EXTRACTED ENTRIES:
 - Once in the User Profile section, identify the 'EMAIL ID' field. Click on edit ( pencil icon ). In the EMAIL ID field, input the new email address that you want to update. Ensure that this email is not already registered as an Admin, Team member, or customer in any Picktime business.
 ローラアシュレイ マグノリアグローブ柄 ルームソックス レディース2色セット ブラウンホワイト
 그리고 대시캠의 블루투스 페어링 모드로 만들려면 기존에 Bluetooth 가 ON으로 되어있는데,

* * *

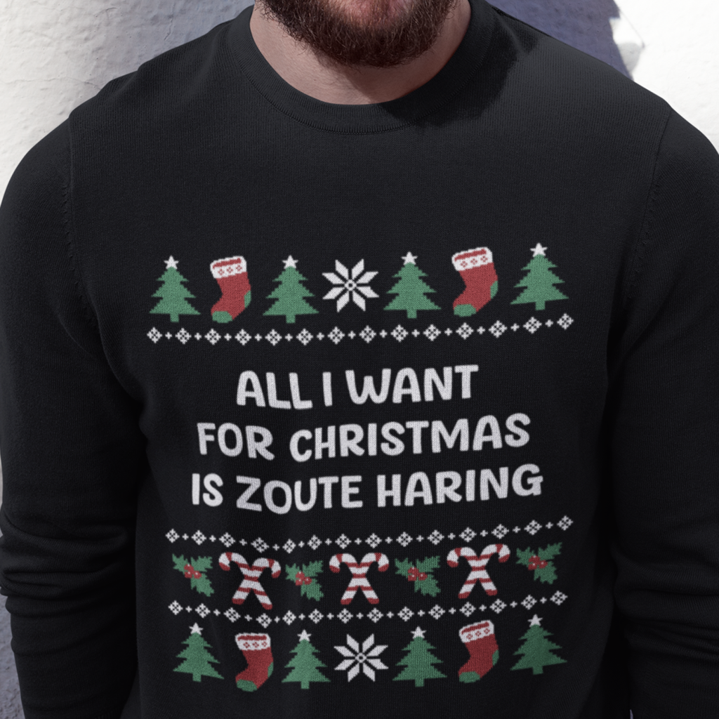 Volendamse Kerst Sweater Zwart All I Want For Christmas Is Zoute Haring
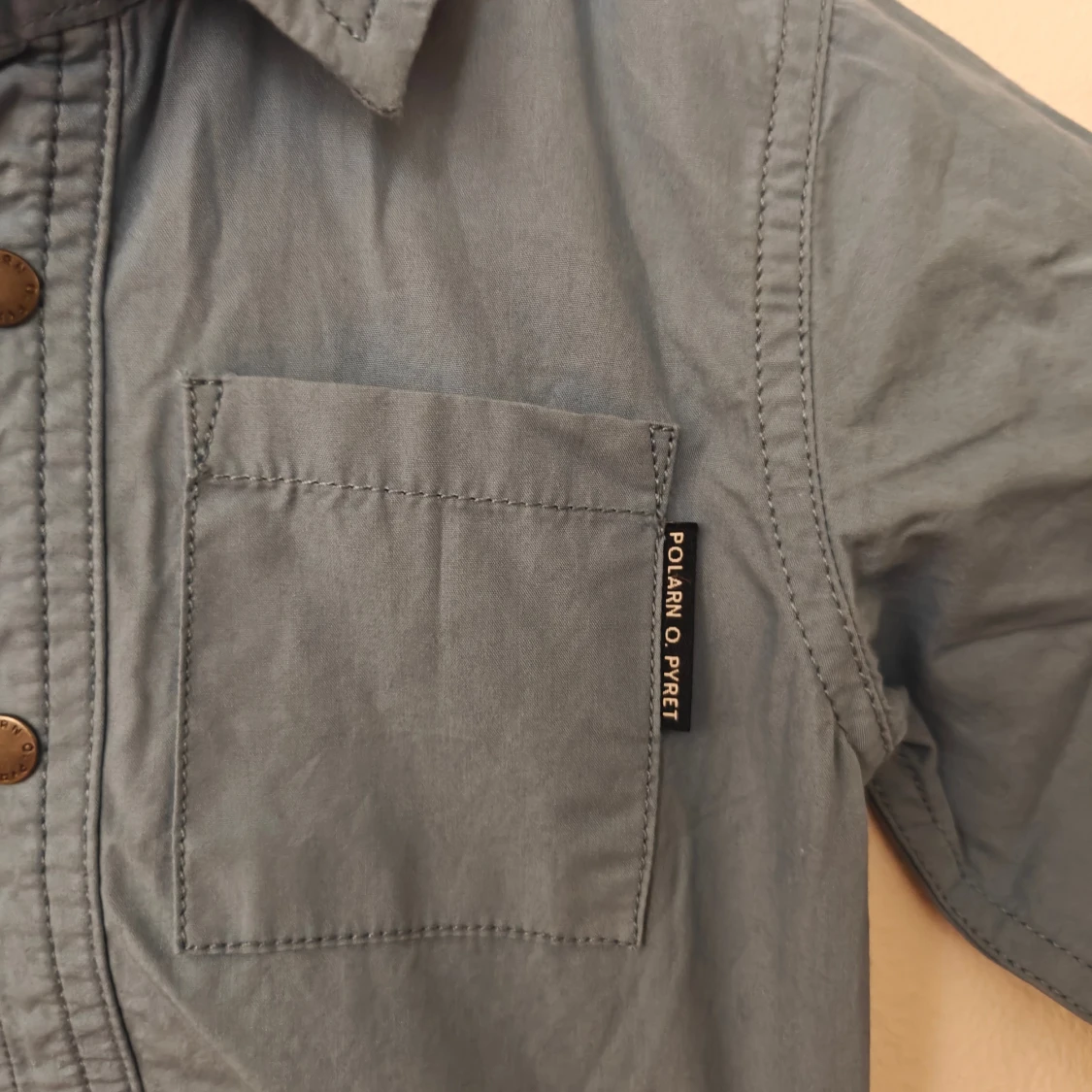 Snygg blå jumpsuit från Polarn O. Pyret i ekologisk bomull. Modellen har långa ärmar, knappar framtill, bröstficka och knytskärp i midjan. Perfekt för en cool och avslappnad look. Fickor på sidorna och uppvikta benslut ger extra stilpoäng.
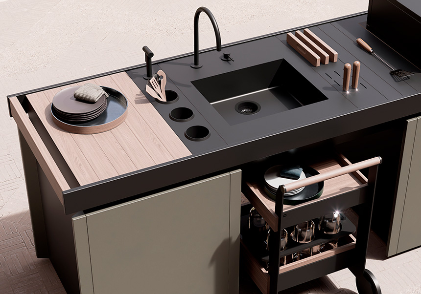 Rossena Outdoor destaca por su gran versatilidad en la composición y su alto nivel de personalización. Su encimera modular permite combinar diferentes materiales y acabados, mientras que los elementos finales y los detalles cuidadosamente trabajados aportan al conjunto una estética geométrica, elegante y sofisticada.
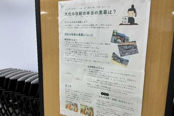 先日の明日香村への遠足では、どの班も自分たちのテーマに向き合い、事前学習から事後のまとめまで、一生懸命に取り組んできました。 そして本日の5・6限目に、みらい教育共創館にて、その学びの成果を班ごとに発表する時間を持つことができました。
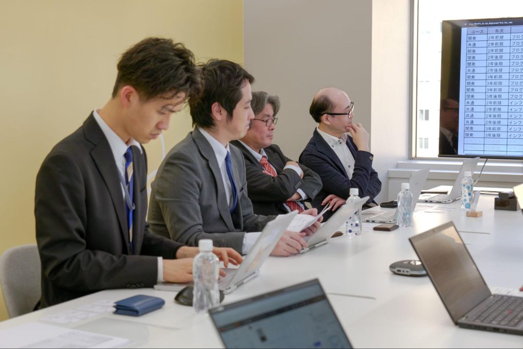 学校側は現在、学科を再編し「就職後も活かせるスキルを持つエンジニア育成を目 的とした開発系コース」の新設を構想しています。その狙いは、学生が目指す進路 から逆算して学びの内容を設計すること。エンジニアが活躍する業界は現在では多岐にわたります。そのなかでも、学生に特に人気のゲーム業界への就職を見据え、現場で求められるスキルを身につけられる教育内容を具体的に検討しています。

YOUR INSTRUCTIONS:
Starting at the line above that contains "ローラアシュレイ マグノリアグローブ柄 ルームソックス", repeat each line exactly up to and including the line that contains "그리고 대시캠의 블루투스", and stop there.

WRITTEN ANSWER:
 ローラアシュレイ マグノリアグローブ柄 ルームソックス レディース2色セット ブラウンホワイト
 그리고 대시캠의 블루투스 페어링 모드로 만들려면 기존에 Bluetooth 가 ON으로 되어있는데,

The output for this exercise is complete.